Le JRS définit une approche globale des réfugiés urbains
Bangkok, le 30 mars 2012 – Pour Berlin, Bogota, Bangkok – Les statistiques des Nations Unies montrent que la plupart des réfugiés du monde vont vers les villes. Sont-ils confrontés aux mêmes obstacles dans leurs nouvelles villes d'accueil? Le JRS peut-il mettre sur pied des approches communes pour le service des réfugiés en zone urbaine? Au cours d'une rencontre globale qui s'est tenue à Bangkok du 19 au 23 mars, les personnels du JRS présent dans 25 pays ont répondu un oui autorisé à toutes ces questions.
Après quatre jours de discussion et de débats intenses, la participation et l'enseignement ont émergé comme les deux principes directeurs pour le travail du JRS auprès des réfugiés en zone urbaine.
Les personnels ont identifié six domaines prioritaires d'intervention en zone urbaine: l'accès aux services, la santé mentale et psychologique, l'éducation, les besoins matériels et fondamentaux, les questions juridiques, la protection et les droits. Les principes directeurs d'intervention et les étapes à considérer lors de la mise en œuvre des projets ont également été développés.
Considéré comme une priorité globale de son Cadre stratégique pour 2012-2015, le JRS affirme depuis longtemps que le service des populations réfugiées est un défi majeur. La solitude, les politiques gouvernementales restrictives et inadaptées et les problèmes financiers se trouvent accentuées par l'environnement urbain.
«L'engagement accru du JRS dans une programmation de qualité en zone urbaine peut surprendre certains. Qu'il soit entendu que la qualité est notre premier souci, où que nous nous trouvions. Mais le travail en zone urbaine est tellement plus complexe. Dans les camps, nous travaillons dans des groupes où les diverses agences humanitaires bénéficient de l'expérience des autres. Les réfugiés sont enregistrés par le HCR, l'agence des Nations Unies, ce qui facilite l'identification des plus vulnérables», explique Ken Gavin, l'Assistant du Directeur International du JRS.
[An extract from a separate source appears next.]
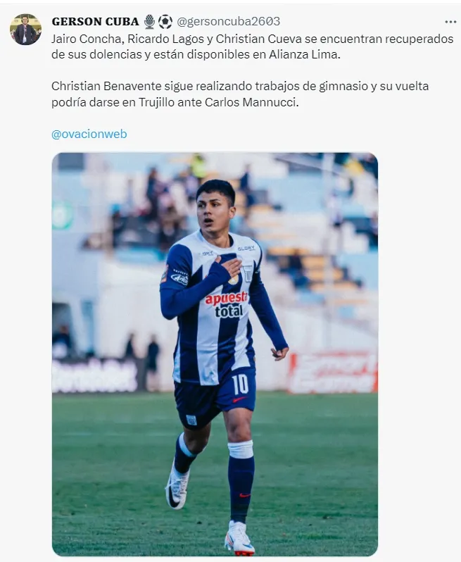 “Jairo Concha, Ricardo Lagos y Christian Cueva se encuentran recuperados de sus dolencias y están disponibles en Alianza Lima”, comentó en un principio Gerson Cuba.
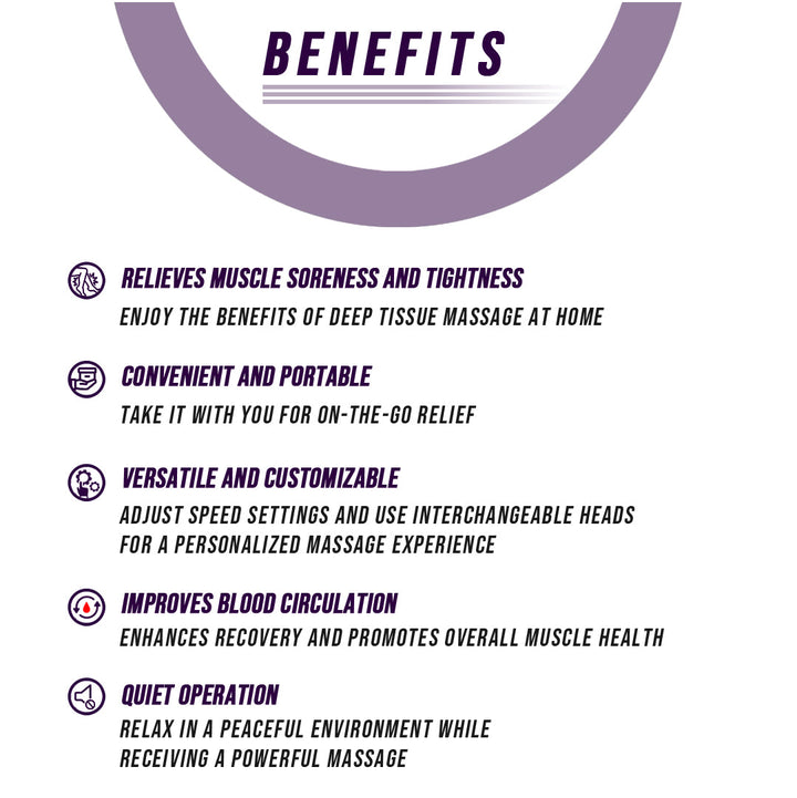 - Deep tissue massage: delivers powerful percussive therapy that targets sore and stiff muscles, relieves pain, and improves blood circulation.

«Dans les villes, les réfugiés sont invisibles et pour une même taille, les programmes du JRS coûtent 17 fois plus chers en zone urbaine, sans pour autant être sûr d'atteindre les plus vulnérables. Nous essayons d'aider les réfugiés à accéder aux services publics dans des états qui bien souvent ne font pas grand-chose pour leurs propres populations. D'autre part, les commerces gérés par les réfugiés se font dans des environnements beaucoup plus compliqués. C'est pourquoi les questions touchant à la qualité, la participation et l'enseignement sont particulièrement pertinentes», a ajouté le père Gavin.
Les régions cruciales où vivent les gens.
Selon des études menées par des personnels, dont un grand nombre ont travaillé pendant des années auprès des réfugiés urbains, ces six priorités couvrent les principaux aspects de la vie des réfugiés. Ceci dit, le personnel a été très clair: le JRS doit aussi s'impliquer dans d'autres aspects. Le fait de travailler dans cinquante pays du monde rend tout cristallisation impossible.
Au cours de la consultation le personnel est parti des principes directeurs pour chaque domaine d'intervention et les mesures pratiques à prendre avant le début du programme. Par exemple, tout en cherchant à éviter la duplication de services déjà existants, le JRS doit permettre aux réfugiés d'accéder à ces services en proposant d'autres aides. Pratiquement, le personnel doit s'assurer qu'ils ont connaissance des services existant dans leurs villes et quels sont les besoins qu'ils couvrent.
Pour aller plus loin, le Bureau International du JRS prévoit la mise en place d'une force d'intérim composée de personnels chargés, dans toute l'organisation, d'identifier des stratégies pour la mise en œuvre et l'évaluation des principes directeurs et des mesures pratiques de mise en œuvre. D'autre part, le Bureau International ouvrira un forum interne pour encourager les discussions et les débats au sein de l'organisation, et pour partager les meilleures pratiques.